### Data section
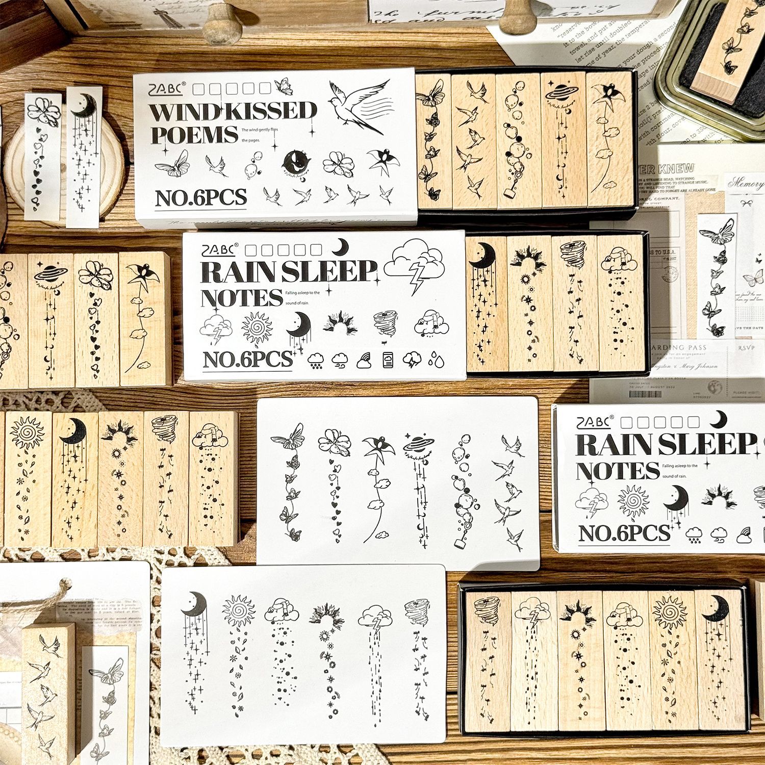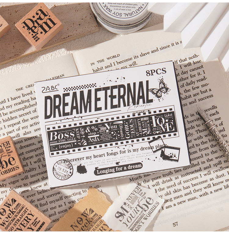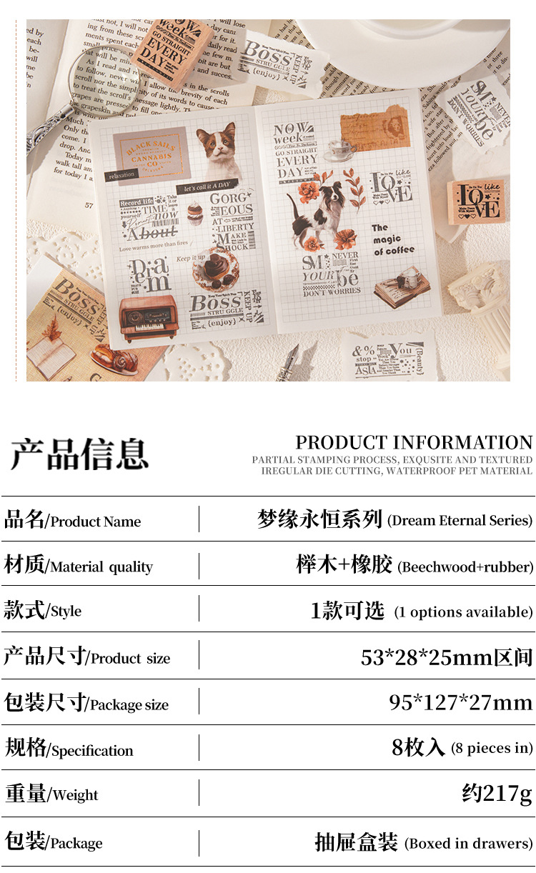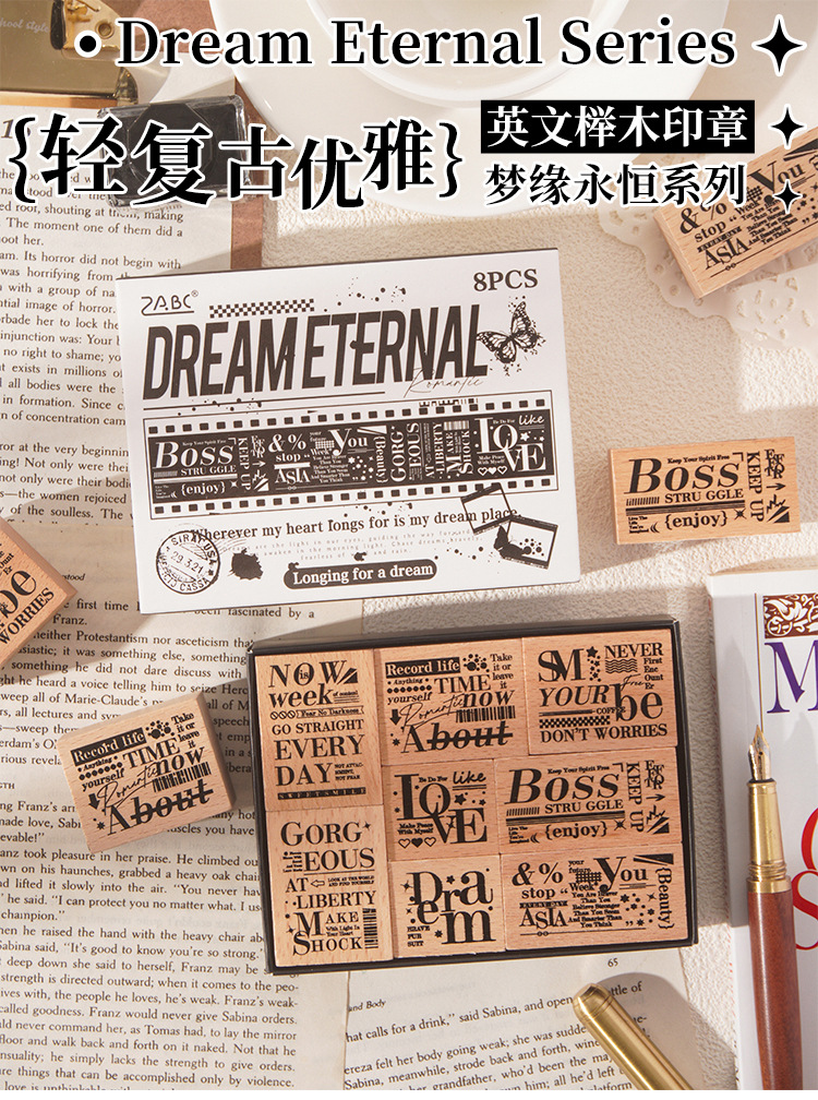 墨羽情书木质印章套盒diy手账日记装饰印画跨境复古榉木生活印章
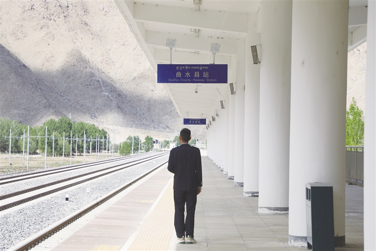 每天,清晨的第一縷陽光還未穿透遠(yuǎn)方的山巒時(shí),車站值班員賀文貴已經(jīng)站在曲水站的站臺上,開始了他日復(fù)一日的工作,查看股道是否有異物,是否有動(dòng)物進(jìn)入站場。曲水站與其他站不一樣,根據(jù)工作安排,平時(shí)這里只有一個(gè)人當(dāng)班應(yīng)急值守,沒有旅客上下站,時(shí)而駛過的火車,是這里唯一的來客。目之所及,只有遠(yuǎn)處的雪山、農(nóng)田和滾滾向前的雅魯藏布江水。
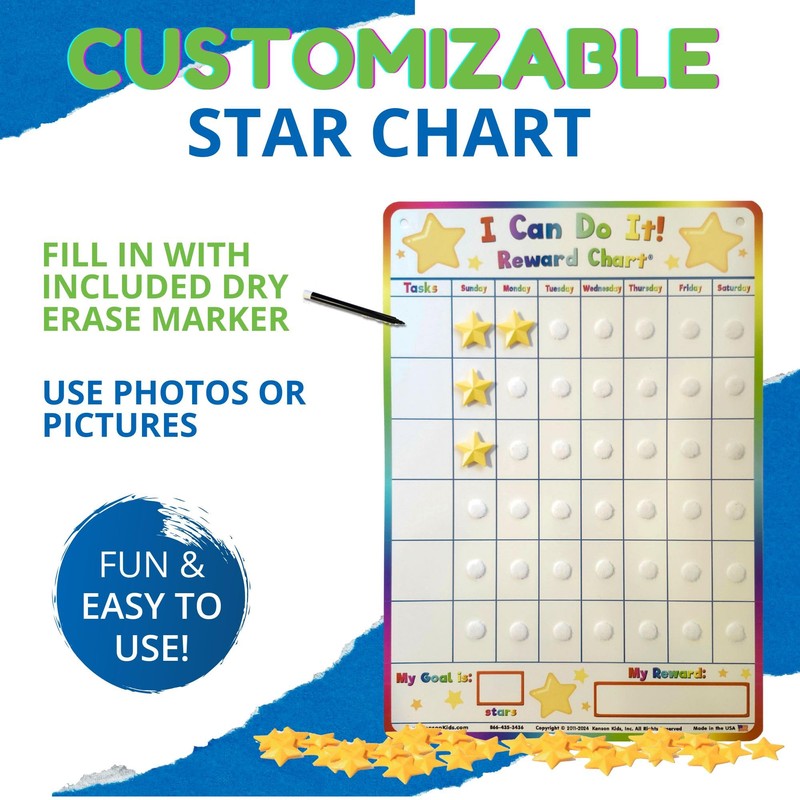 Customizable Dry Erase Incentive Chart with Marker and 45 Reward Stars, Replacement Board and Stars for I Can Do It Reward Chart by Kenson Kids

### What the task requires
Your reply should consist solely of the lines from the line containing "每天,清晨的第一縷陽光還未穿" through the last line of the listing, unchanged and free of pictures.

### Response to this exercise
 每天,清晨的第一縷陽光還未穿透遠(yuǎn)方的山巒時(shí),車站值班員賀文貴已經(jīng)站在曲水站的站臺上,開始了他日復(fù)一日的工作,查看股道是否有異物,是否有動(dòng)物進(jìn)入站場。曲水站與其他站不一樣,根據(jù)工作安排,平時(shí)這里只有一個(gè)人當(dāng)班應(yīng)急值守,沒有旅客上下站,時(shí)而駛過的火車,是這里唯一的來客。目之所及,只有遠(yuǎn)處的雪山、農(nóng)田和滾滾向前的雅魯藏布江水。
 Customizable Dry Erase Incentive Chart with Marker and 45 Reward Stars, Replacement Board and Stars for I Can Do It Reward Chart by Kenson Kids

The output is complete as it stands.